Federal Register


The National Park Service (NPS) announces the availability of the Final Archeological Resources Management Plan/Environmental Impact Statement (Final Plan/EIS), Knife River Indian Villages National Historic Site, North Dakota.

The NPS announces the availability of the Final Plan/EIS. This process has been conducted pursuant to the National Environmental Policy Act (NEPA) (42 United States Code 4321 et seq.) and the regulations of the US Department of the Interior (43 Code of Federal Regulations [CFR] part 46). The purpose of the plan is to provide a management framework for proactive, sustainable archeological resource protection for the next 30 years. The NPS has identified four major threats to the park's archeological resources: Riverbank erosion, burrowing mammals, vegetation encroachment and the location of park infrastructure. Over the past few decades, village remnants and archeological sites adjacent to the Knife River have experienced measurable erosion. In addition, northern pocket gophers and the encroachment of woody and overgrown vegetation have displaced soil and artifacts from chronologically stratified deposits. Under the preferred alternative, these threats would be addressed following an adaptive management framework designed to detect changes to important indicators and provide park managers tools to manage them.

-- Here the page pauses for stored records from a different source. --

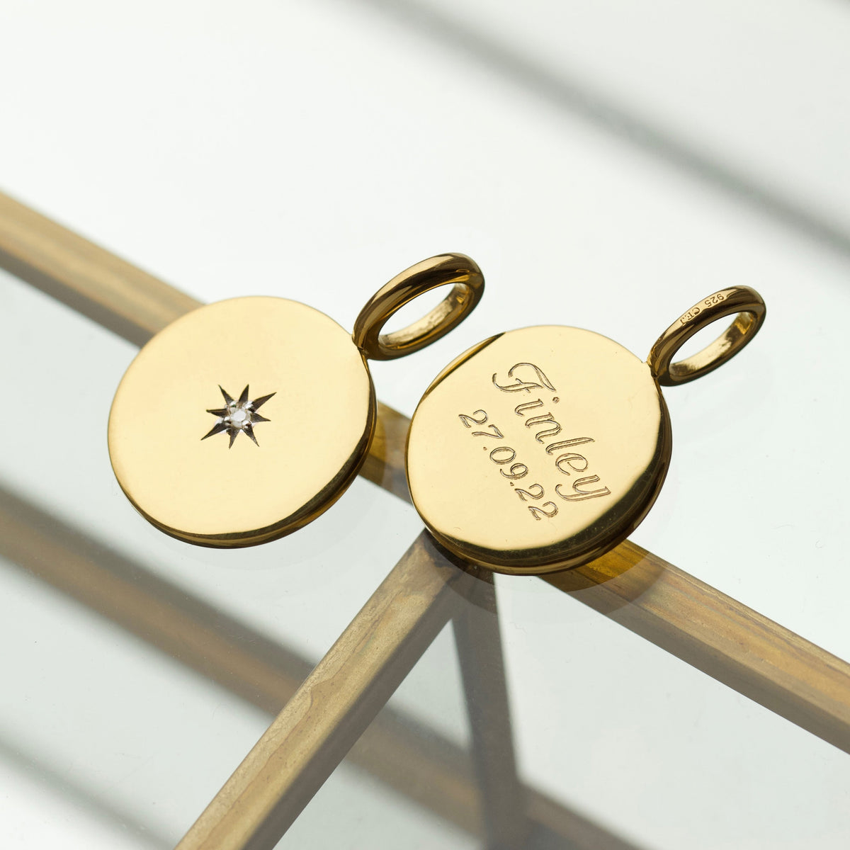 Crafted in 14k gold vermeil or sterling silver, with a diamond star-set detail. Engravable with up to 10 letters (two rows) or 3 large initials. Engraved items are dispatched within 3-5 working days and are non-returnable. Delivered in stylish packaging, ideal for gifting.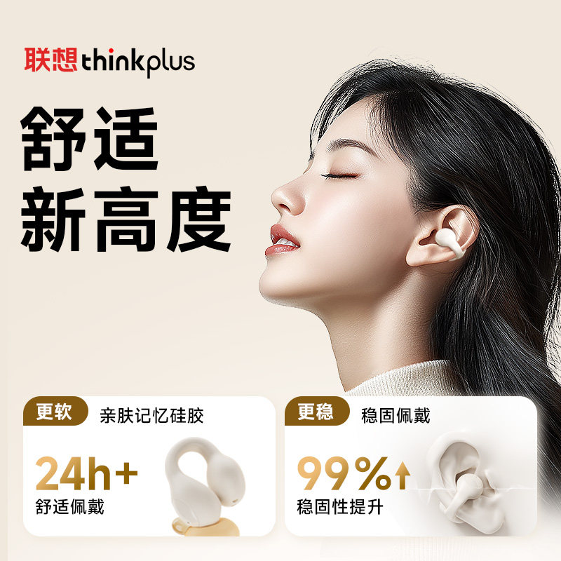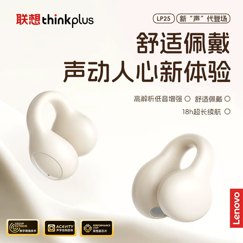 联想LP25蓝牙耳机耳夹式无线骨传导不入耳2025新款运动游戏降噪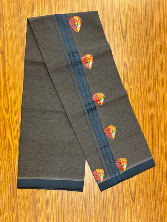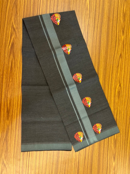 9% Discount !! Kaitharikada - Pure Cotton - Single Kaily / Lungi - (40s) - 0.5 inch Printed Kadhakali Design kara with Grey colour body (2 meter / 4 muzham) - 28 KK8028 GAN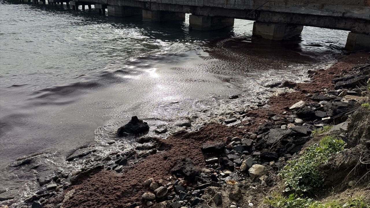 Tekirdağ'da iki gündür etkisini gösteren kuvvetli rüzgar nedeniyle sahilin bir kısmı kırmızı yosunla kaplandı.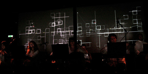 Using their heartbeats, the musicians control a computer composition and visualization environment. The musical score is generated in real time by the heartbeats of the musicians. They read and play this score from a computer screen placed in front of them.

The preferred alternative also calls for the relocation of the park maintenance facility. The maintenance facility is located on the edge of the Big Hidatsa Village site, a designated National Historic Landmark and sacred site of the Mandan, Hidatsa, and Arikara Nation (MHA Nation). If off-site space is available and cost effective, the maintenance facility would be relocated outside the park. If suitable property outside the park is unavailable or cost prohibitive the NPS intends to relocate and construct the maintenance facility within the park.